Rahel dreamed that she was up in Heaven with Bettina Brentano - a writer and social outcast, but not a Jew - and the Mother of God. They were looking back on their lives and discussing their misfortunes in a "kind of confessional".

"Do you know mortification?" we asked each other, for instance. And if we had felt this particular form of suffering in our lives, we said: "Yes that I know", with a loud cry of grief, and the particular form of suffering we were speaking of was rent from the heart, the pain multiplied a hundredfold: but then we were rid of it forever and felt wholly sound and light. The Mother of God was quiet all the while, only said Yes! to each question, and also wept.

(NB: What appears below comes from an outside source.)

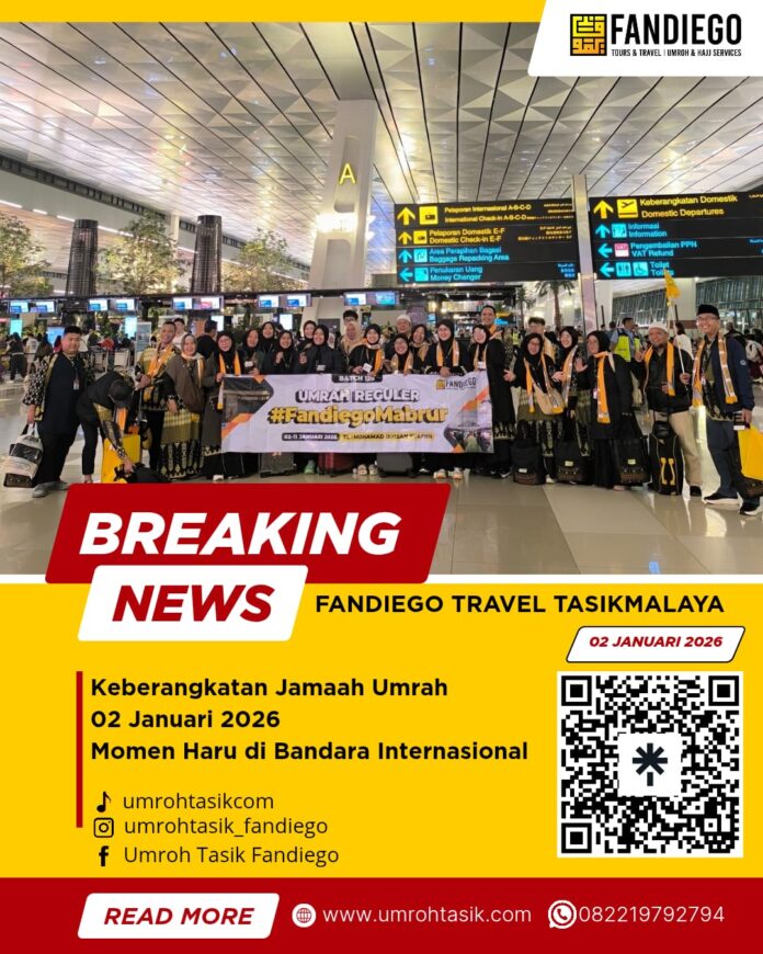 Tasikmalaya — Suasana haru dan penuh doa menyelimuti Bandara Internasional pada 02 Januari 2026, saat rombongan jamaah Umrah Reguler Fandiego Travel Tasikmalaya resmi diberangkatkan menuju Tanah Suci. Keberangkatan ini menjadi momen istimewa bagi para jamaah yang telah lama menantikan panggilan Allah untuk menunaikan ibadah umrah.Dengan mengenakan seragam khas Fandiego Travel, para jamaah tampak kompak dan penuh semangat.

Bettina asked: "Do you know the suffering of love?" Whimpering and almost howling, I exclaimed, while the tears streamed and I held a handkerchief over my face, a long, long Yes! "Do you know mortification?" Yes! again yes. "Do you know enduring wrong, injustice?" Yes! "Do you know murdered youth?" Yes! I whimper again in a long-drawn-out tone, dissolving in tears.

We are finished, our hearts pure, but mine was still filled with the heavy burden of earth; I sit up, look excitedly at the other women, and want my burden taken from me; in words spoken thickly, but with extreme distinctness, because I want to receive the answer Yes to this question too, I ask: "Do you two know — disgrace?" Both shrink away from me as if in horror, though with still something of pity in their gesture; they glance rapidly at one another and try, in spite of the confined space, to move away from me.

In a state bordering on madness I scream: "I have not done anything. It's nothing I have done. I have not done anything. I am innocent!" The women believe me; I see that by the rigid way they lie still, no longer unwillingly, but they no longer understand me. "Woe," I cry out, weeping as if my heart were threatening to melt away, "they do not understand me either. Never, then! This burden I must keep; I knew that. Forever! Merciful God! Woe!" Utterly beside myself, I hastened my awakening."

Rahel dreamed this dream for many years and she never found anyone - from Berlin to Paris to Prague - who would understand it or not recoil from the attempt to do so. She died in 1833, married to a man who could never understand the "disgrace" she felt at her own birth - and yet was her only friend in the world. Her tragedy has been repeated hundreds of millions of times and will be again.